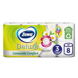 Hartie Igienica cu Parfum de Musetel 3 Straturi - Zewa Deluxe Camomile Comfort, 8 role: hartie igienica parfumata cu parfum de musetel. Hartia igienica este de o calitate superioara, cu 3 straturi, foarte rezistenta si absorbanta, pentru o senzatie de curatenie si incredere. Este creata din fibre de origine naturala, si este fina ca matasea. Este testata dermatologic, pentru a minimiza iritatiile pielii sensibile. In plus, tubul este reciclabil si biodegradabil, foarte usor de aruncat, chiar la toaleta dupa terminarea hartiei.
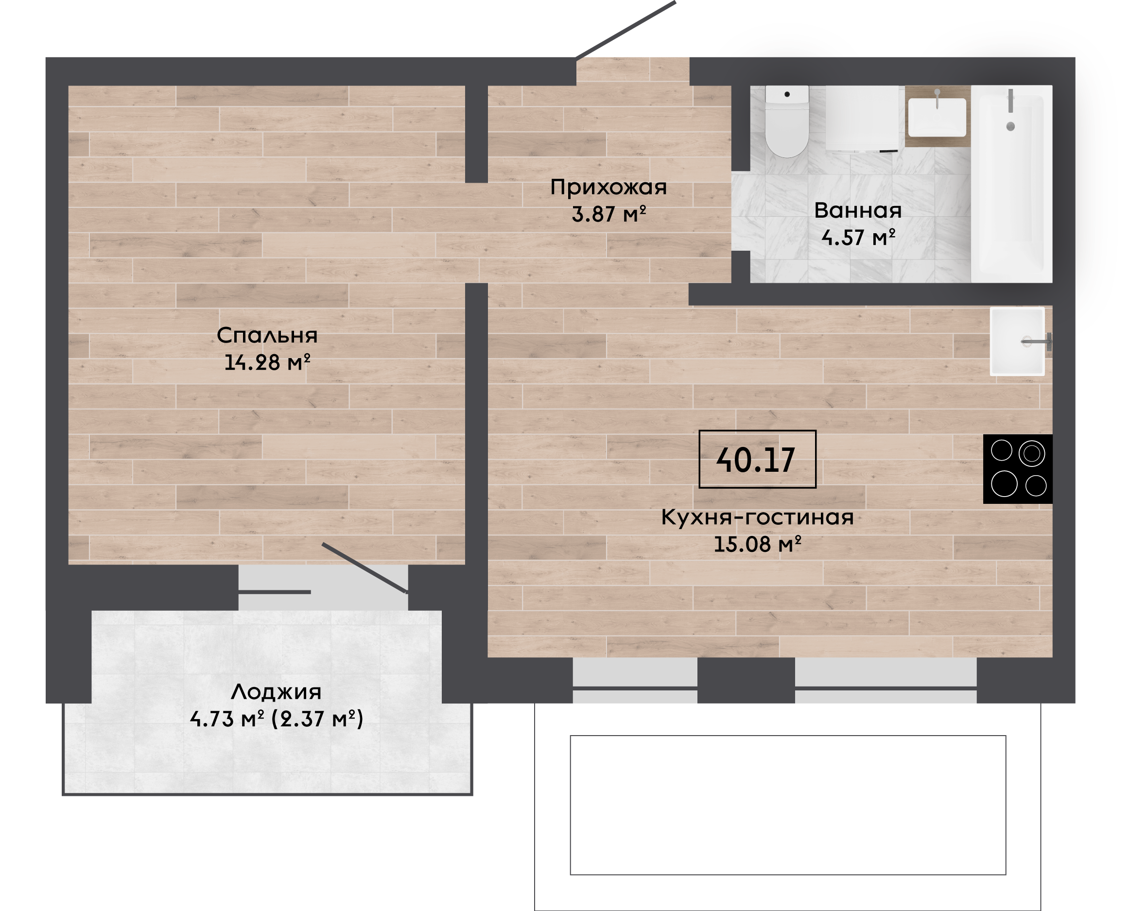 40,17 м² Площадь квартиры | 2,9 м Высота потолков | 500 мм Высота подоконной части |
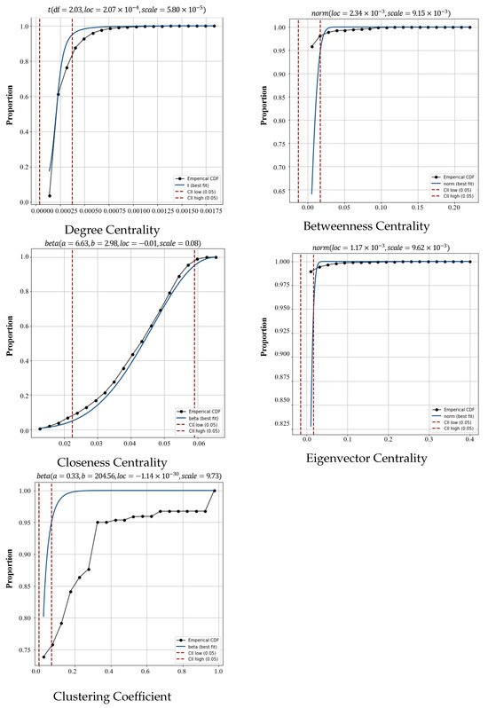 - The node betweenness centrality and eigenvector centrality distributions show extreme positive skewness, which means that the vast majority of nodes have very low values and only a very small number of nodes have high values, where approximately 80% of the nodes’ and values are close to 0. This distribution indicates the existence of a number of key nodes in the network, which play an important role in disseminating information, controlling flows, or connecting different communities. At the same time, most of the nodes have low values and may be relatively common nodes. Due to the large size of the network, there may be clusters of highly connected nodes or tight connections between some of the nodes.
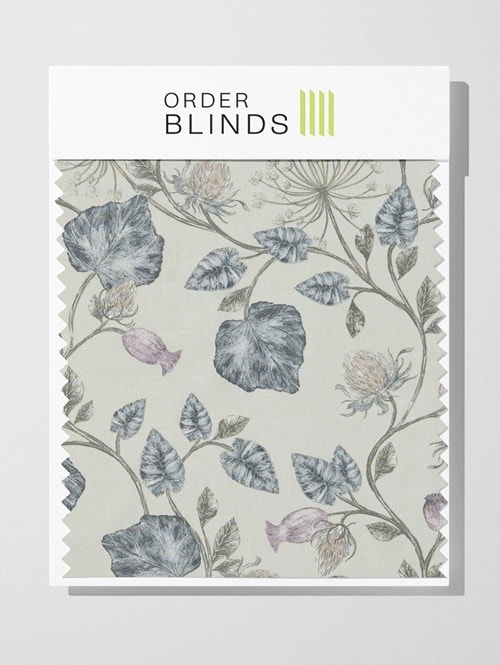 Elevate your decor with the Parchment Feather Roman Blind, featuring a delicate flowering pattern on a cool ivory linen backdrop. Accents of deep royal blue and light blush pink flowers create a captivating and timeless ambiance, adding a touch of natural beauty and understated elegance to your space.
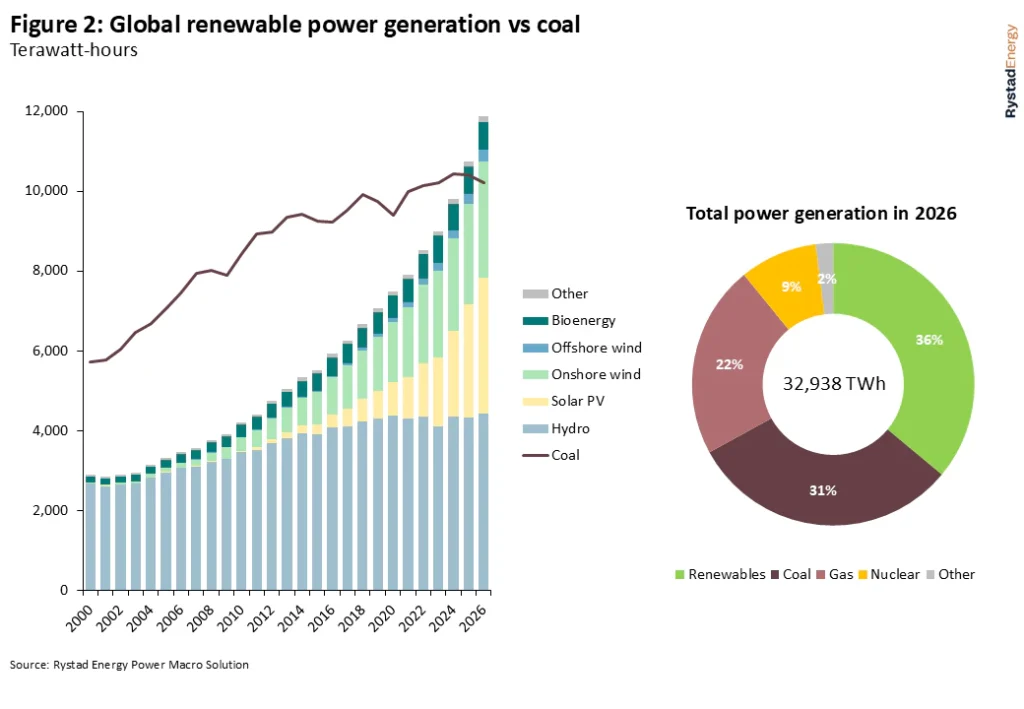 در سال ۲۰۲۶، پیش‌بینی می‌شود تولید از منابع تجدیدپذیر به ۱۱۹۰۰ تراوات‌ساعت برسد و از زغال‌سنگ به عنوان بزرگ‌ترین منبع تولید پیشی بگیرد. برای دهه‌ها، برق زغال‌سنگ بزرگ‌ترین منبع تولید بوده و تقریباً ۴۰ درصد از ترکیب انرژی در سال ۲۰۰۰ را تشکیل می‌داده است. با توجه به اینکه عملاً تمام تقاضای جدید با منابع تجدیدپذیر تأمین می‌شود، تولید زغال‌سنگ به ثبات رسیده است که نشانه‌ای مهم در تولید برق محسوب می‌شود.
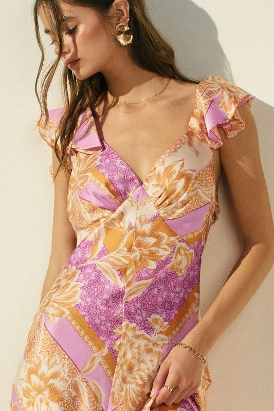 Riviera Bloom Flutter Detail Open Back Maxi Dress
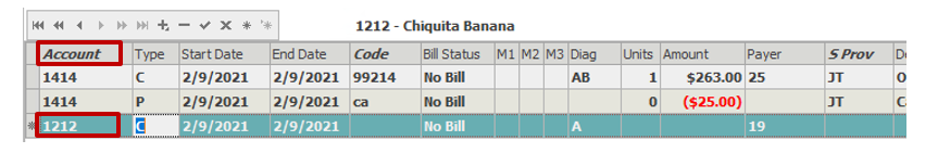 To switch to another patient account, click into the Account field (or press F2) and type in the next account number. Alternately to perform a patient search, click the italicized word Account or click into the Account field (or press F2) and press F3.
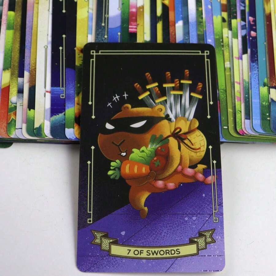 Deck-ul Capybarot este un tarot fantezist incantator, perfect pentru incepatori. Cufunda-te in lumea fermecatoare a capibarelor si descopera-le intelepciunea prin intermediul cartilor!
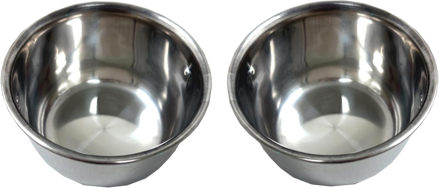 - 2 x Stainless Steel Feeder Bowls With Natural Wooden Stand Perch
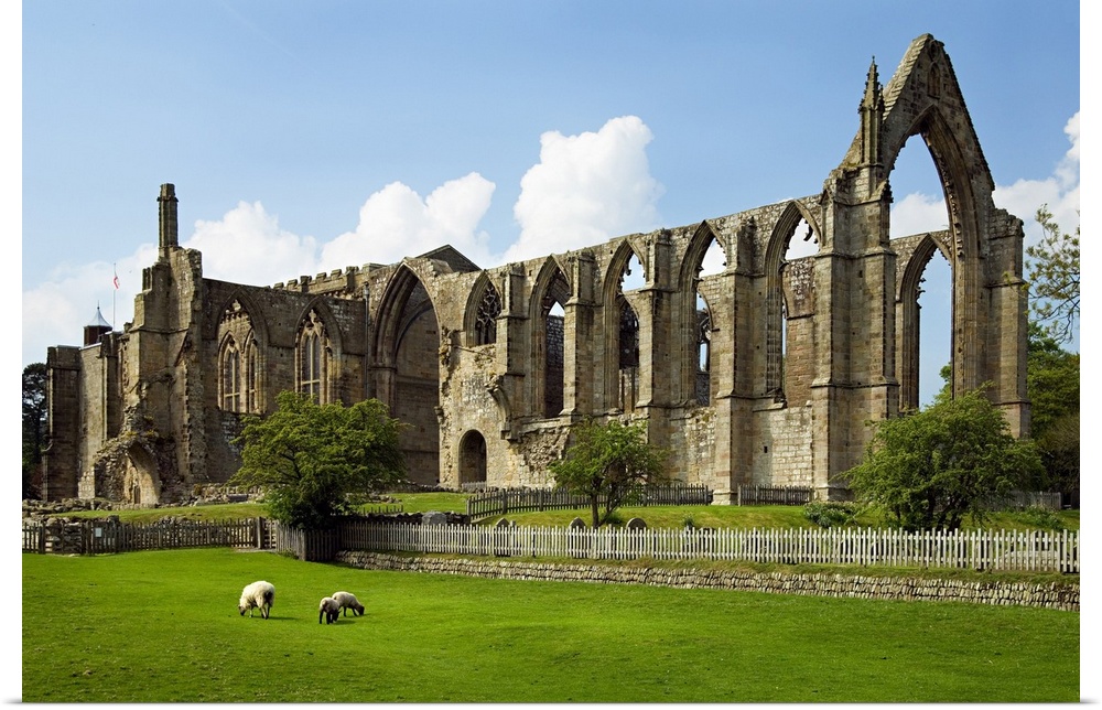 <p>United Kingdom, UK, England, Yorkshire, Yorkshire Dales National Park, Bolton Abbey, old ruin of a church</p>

#### Exercise instructions:
Print, exactly and only, the lines running from the line with "To switch to" through the last line of the data, including both. Skip any picture.

#### Solution for this exercise:
 To switch to another patient account, click into the Account field (or press F2) and type in the next account number. Alternately to perform a patient search, click the italicized word Account or click into the Account field (or press F2) and press F3.
 Deck-ul Capybarot este un tarot fantezist incantator, perfect pentru incepatori. Cufunda-te in lumea fermecatoare a capibarelor si descopera-le intelepciunea prin intermediul cartilor!
 - 2 x Stainless Steel Feeder Bowls With Natural Wooden Stand Perch
 <p>United Kingdom, UK, England, Yorkshire, Yorkshire Dales National Park, Bolton Abbey, old ruin of a church</p>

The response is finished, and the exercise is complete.